═══ TASK INPUTS ═══

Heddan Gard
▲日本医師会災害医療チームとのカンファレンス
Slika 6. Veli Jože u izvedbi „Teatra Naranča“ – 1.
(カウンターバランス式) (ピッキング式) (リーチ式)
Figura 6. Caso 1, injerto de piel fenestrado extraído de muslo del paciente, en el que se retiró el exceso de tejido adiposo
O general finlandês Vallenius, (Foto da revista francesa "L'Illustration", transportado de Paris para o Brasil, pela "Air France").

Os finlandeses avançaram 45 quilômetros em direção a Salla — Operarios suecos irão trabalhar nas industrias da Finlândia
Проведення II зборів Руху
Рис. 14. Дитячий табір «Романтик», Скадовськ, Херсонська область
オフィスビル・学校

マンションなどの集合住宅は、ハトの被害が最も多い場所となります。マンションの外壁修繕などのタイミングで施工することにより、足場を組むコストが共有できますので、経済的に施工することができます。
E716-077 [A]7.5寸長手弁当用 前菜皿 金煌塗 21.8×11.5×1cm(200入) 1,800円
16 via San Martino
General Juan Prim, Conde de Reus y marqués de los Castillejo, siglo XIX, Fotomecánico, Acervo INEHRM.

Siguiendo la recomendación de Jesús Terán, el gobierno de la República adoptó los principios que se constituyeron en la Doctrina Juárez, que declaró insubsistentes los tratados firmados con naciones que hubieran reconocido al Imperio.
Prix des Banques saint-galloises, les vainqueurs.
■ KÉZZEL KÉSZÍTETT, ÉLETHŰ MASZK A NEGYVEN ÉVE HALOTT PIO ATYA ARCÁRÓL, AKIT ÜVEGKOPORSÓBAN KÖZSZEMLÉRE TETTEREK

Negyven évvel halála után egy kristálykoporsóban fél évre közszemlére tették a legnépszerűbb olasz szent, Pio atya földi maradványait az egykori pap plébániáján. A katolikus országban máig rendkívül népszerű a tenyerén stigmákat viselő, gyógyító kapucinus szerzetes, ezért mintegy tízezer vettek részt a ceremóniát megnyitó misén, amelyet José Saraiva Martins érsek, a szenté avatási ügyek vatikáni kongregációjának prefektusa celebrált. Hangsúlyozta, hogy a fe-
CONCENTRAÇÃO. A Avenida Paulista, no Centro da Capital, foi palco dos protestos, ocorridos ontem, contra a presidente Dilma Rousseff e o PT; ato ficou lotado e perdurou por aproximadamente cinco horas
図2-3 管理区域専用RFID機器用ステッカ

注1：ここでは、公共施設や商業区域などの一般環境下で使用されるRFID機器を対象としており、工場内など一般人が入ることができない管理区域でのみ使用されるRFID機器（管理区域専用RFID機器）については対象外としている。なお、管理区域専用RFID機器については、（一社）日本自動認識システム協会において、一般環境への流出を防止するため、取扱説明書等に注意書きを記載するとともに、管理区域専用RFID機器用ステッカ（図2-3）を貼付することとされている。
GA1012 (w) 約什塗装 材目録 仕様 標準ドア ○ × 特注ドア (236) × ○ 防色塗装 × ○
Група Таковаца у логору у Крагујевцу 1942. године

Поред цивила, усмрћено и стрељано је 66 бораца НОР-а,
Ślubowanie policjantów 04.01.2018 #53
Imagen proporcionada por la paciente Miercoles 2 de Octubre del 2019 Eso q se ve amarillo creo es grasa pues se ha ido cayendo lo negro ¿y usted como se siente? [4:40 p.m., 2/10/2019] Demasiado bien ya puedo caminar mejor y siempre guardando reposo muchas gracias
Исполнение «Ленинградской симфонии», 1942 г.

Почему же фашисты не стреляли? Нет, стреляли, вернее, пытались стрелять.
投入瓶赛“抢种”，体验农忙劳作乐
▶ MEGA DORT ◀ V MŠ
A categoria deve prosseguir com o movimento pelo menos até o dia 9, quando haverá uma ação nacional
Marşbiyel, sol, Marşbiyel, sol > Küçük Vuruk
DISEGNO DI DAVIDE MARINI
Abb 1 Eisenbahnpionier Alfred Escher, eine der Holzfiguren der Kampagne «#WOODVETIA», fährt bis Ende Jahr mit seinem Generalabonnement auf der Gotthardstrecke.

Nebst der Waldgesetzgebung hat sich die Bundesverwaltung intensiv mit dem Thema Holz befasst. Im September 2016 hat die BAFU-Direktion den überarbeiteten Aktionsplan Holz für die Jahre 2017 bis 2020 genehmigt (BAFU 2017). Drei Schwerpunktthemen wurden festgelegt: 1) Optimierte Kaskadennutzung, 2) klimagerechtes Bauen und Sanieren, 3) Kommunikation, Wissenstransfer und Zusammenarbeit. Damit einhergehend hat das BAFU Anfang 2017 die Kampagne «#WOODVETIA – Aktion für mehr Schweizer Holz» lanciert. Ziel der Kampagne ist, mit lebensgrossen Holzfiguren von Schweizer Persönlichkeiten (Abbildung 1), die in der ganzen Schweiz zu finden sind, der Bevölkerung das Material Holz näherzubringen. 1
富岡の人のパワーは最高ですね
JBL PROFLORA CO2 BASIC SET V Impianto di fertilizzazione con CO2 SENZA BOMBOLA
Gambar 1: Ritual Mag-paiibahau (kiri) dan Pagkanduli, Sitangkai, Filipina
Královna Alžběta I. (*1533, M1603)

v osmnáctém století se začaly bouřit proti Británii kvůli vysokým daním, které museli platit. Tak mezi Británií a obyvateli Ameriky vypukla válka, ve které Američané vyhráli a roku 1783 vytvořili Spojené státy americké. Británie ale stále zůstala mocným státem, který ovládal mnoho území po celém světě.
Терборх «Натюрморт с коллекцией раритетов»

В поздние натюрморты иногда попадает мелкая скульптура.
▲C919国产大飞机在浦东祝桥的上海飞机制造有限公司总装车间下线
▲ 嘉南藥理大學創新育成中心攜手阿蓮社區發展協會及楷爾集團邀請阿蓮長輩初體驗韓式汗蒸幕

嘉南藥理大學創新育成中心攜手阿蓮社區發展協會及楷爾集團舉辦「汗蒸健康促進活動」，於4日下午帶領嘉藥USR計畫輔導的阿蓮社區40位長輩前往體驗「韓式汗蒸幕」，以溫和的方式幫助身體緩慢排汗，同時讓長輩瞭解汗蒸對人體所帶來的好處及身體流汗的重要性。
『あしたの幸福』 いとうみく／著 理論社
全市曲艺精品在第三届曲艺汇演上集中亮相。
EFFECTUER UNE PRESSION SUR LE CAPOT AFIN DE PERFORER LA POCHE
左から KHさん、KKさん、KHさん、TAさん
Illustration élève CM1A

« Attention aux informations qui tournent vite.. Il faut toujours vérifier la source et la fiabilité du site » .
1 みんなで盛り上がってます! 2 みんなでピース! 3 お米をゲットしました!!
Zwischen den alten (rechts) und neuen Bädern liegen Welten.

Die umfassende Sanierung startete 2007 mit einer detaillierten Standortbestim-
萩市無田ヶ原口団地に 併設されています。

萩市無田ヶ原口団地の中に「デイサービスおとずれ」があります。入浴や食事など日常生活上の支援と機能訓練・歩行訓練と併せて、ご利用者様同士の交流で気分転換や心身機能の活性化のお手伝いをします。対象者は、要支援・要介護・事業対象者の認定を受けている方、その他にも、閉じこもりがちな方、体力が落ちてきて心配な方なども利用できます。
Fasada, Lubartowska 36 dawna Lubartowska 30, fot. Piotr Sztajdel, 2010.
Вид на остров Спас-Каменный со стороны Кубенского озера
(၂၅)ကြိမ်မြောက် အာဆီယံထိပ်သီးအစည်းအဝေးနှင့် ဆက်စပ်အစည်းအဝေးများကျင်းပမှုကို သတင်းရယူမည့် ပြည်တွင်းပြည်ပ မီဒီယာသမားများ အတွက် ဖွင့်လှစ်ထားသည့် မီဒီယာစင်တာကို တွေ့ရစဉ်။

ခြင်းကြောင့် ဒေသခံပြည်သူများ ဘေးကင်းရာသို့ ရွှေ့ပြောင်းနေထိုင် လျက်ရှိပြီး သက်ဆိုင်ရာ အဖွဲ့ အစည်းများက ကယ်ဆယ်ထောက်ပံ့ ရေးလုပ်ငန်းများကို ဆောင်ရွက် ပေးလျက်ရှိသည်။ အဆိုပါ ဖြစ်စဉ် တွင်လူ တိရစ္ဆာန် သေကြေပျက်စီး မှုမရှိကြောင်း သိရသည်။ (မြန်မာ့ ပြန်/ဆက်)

═══

- **BRIEF**: Copy all the lines above that hold the string "管理区域専用RFID機器用ステッカ".

- **SOLUTION TO THE PROBLEM**:
図2-3 管理区域専用RFID機器用ステッカ
注1：ここでは、公共施設や商業区域などの一般環境下で使用されるRFID機器を対象としており、工場内など一般人が入ることができない管理区域でのみ使用されるRFID機器（管理区域専用RFID機器）については対象外としている。なお、管理区域専用RFID機器については、（一社）日本自動認識システム協会において、一般環境への流出を防止するため、取扱説明書等に注意書きを記載するとともに、管理区域専用RFID機器用ステッカ（図2-3）を貼付することとされている。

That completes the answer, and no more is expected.